**Try it**
Below are some records. Print exactly the lines between the one holding "雖本次利率會議,美聯儲表示經" and the one holding "Dementia Caring with", inclusive, and nothing else.

**Data in this exercise**

┄┄┄┄┄┄

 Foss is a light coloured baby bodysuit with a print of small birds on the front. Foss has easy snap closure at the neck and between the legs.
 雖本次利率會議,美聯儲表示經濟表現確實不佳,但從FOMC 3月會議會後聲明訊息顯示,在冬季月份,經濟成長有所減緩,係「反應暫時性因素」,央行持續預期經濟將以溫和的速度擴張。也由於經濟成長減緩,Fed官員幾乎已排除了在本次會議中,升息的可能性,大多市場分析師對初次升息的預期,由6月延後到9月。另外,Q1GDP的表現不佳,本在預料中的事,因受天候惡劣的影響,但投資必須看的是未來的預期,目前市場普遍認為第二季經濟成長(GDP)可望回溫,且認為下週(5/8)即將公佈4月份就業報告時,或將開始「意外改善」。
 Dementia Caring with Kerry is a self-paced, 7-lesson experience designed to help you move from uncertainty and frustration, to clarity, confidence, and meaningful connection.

┄┄┄┄┄┄

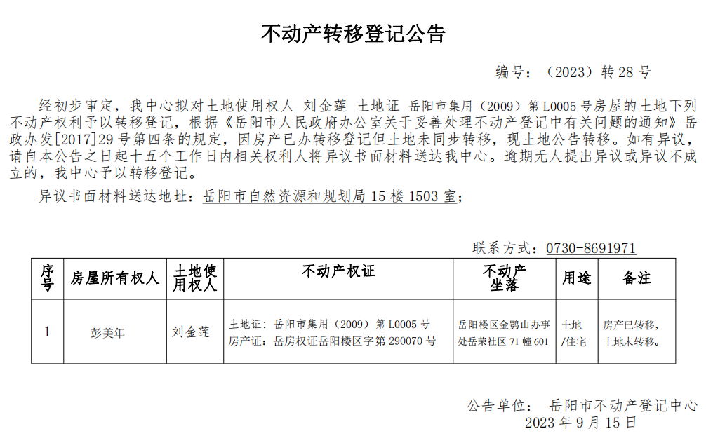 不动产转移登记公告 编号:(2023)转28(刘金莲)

┄┄┄┄┄┄

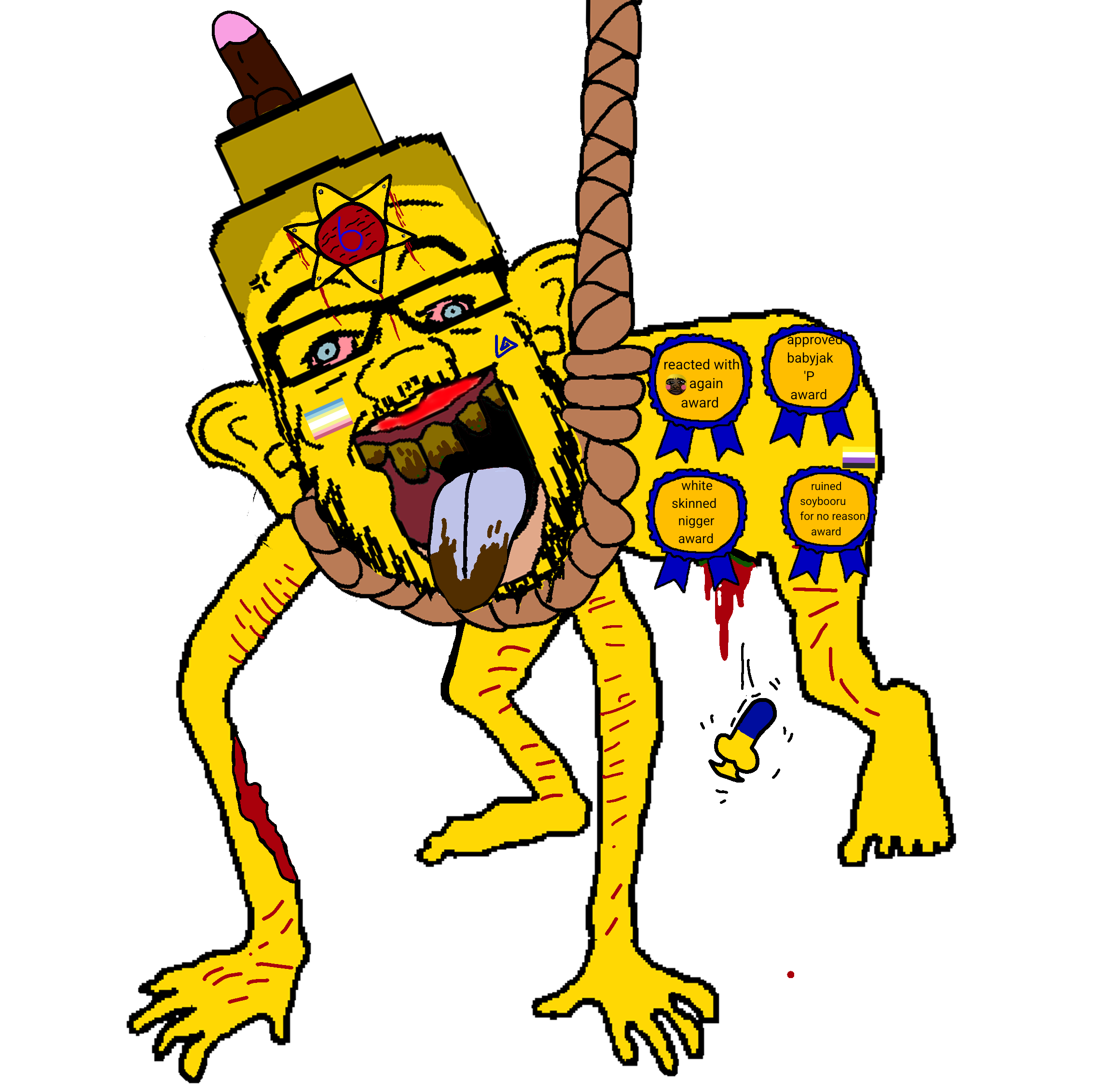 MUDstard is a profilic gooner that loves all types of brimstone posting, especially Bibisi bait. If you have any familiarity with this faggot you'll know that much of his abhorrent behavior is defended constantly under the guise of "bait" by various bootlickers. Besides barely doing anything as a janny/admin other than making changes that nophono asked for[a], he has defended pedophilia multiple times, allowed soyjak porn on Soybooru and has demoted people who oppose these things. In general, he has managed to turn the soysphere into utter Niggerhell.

┄┄┄┄┄┄

**Answer below**
 雖本次利率會議,美聯儲表示經濟表現確實不佳,但從FOMC 3月會議會後聲明訊息顯示,在冬季月份,經濟成長有所減緩,係「反應暫時性因素」,央行持續預期經濟將以溫和的速度擴張。也由於經濟成長減緩,Fed官員幾乎已排除了在本次會議中,升息的可能性,大多市場分析師對初次升息的預期,由6月延後到9月。另外,Q1GDP的表現不佳,本在預料中的事,因受天候惡劣的影響,但投資必須看的是未來的預期,目前市場普遍認為第二季經濟成長(GDP)可望回溫,且認為下週(5/8)即將公佈4月份就業報告時,或將開始「意外改善」。
 Dementia Caring with Kerry is a self-paced, 7-lesson experience designed to help you move from uncertainty and frustration, to clarity, confidence, and meaningful connection.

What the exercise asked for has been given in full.